Глава 12. Прощальный банкет коменданта
Следующим хмурым и безрадостным утром очередная двадцатка ушла в лес. Часа через полтора Григорий услышал, как из лагерных репродукторов раздался раздраженный крик коменданта:
– Всем свободным от вахты инструкторам с собаками и солдатам охраны срочно собраться у въездных ворот.
Едва стих голос эсэсовца, как началась немыслимая суматоха. Из обрывков немецких разговоров Григорий кое-как сумел понять, в чем дело. Оказалось, что участвовавший в утренних занятиях проводник позвонил с резервного пункта на восточной дороге. Он сообщил, мол, кто-то из пленных попытался бежать. Комендант взбеленился и немедленно объявил общую тревогу. Вертухаи и тренеры со своими подопечными быстро погрузились в кузова грузовых автомобилей и куда-то уехали.
Только после полудня все машины вернулись в лагерь. Охранники быстро откинули брезентовый тент первого грузовика. Затем с жутким грохотом открыли задний борт и безжалостными пинками выбросили наружу сильно избитого красноармейца. Он молча упал на землю и остался неподвижно лежать на спине. Подбежала польская похоронная команда и сноровисто оттащила его в сторону. Потом из автомобилей выбрались усталые фашисты и овчарки.

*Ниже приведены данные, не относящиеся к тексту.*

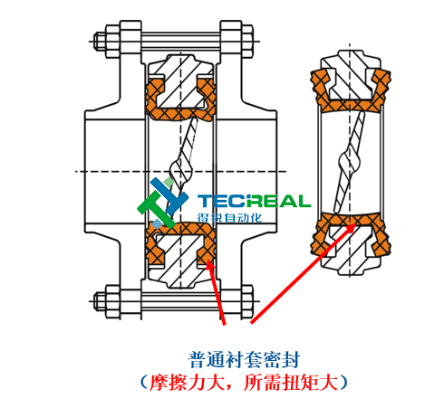刮刀唇形結(jié)構(gòu),其好處是自動(dòng)清潔球體表面的雜質(zhì),保持閥座的耐磨性。

В следующий миг раздался душераздирающий вой сирены. Находившиеся в лагере пленные торопливо выскочили из барака и выстроились на плацу. Ведущие на половину охраны ворота открылись, и на плацу появился разъяренный комендант. За ним шли хмурые немецкие солдаты с карабинами на изготовку. Поляки притащили пойманного беглеца и бросили его между строем заключенных и шеренгой охраны.
Парень слабо зашевелился. Перевернулся на бок и с трудом сел. Чтобы не упасть на спину, он прочно оперся руками о землю позади себя. Григорий всмотрелся в бойца и едва узнал в нем всегда веселого, добродушного кузнеца. Теперь все лицо красноармейца представляло собой огромный бурый кровоподтек. Обе ноги пленного не шевелились и, судя по всему, были прострелены.
Стараясь успокоиться, комендант немного помолчал. Набрал в легкие побольше воздуха и крикнул возмущенным до предела голосом:
– Эта русская свинья убила одну из лучших сторожевых собак этого курса. Затем он попытался бежать. Согласно правилам внутреннего распорядка нашего лагеря он приговаривается к немедленному расстрелу! – Не поворачиваясь к охранникам, комендант бросил через плечо, но уже по-немецки: – Курт! Отомсти за своего верного друга! Пристрели эту славянскую тварь!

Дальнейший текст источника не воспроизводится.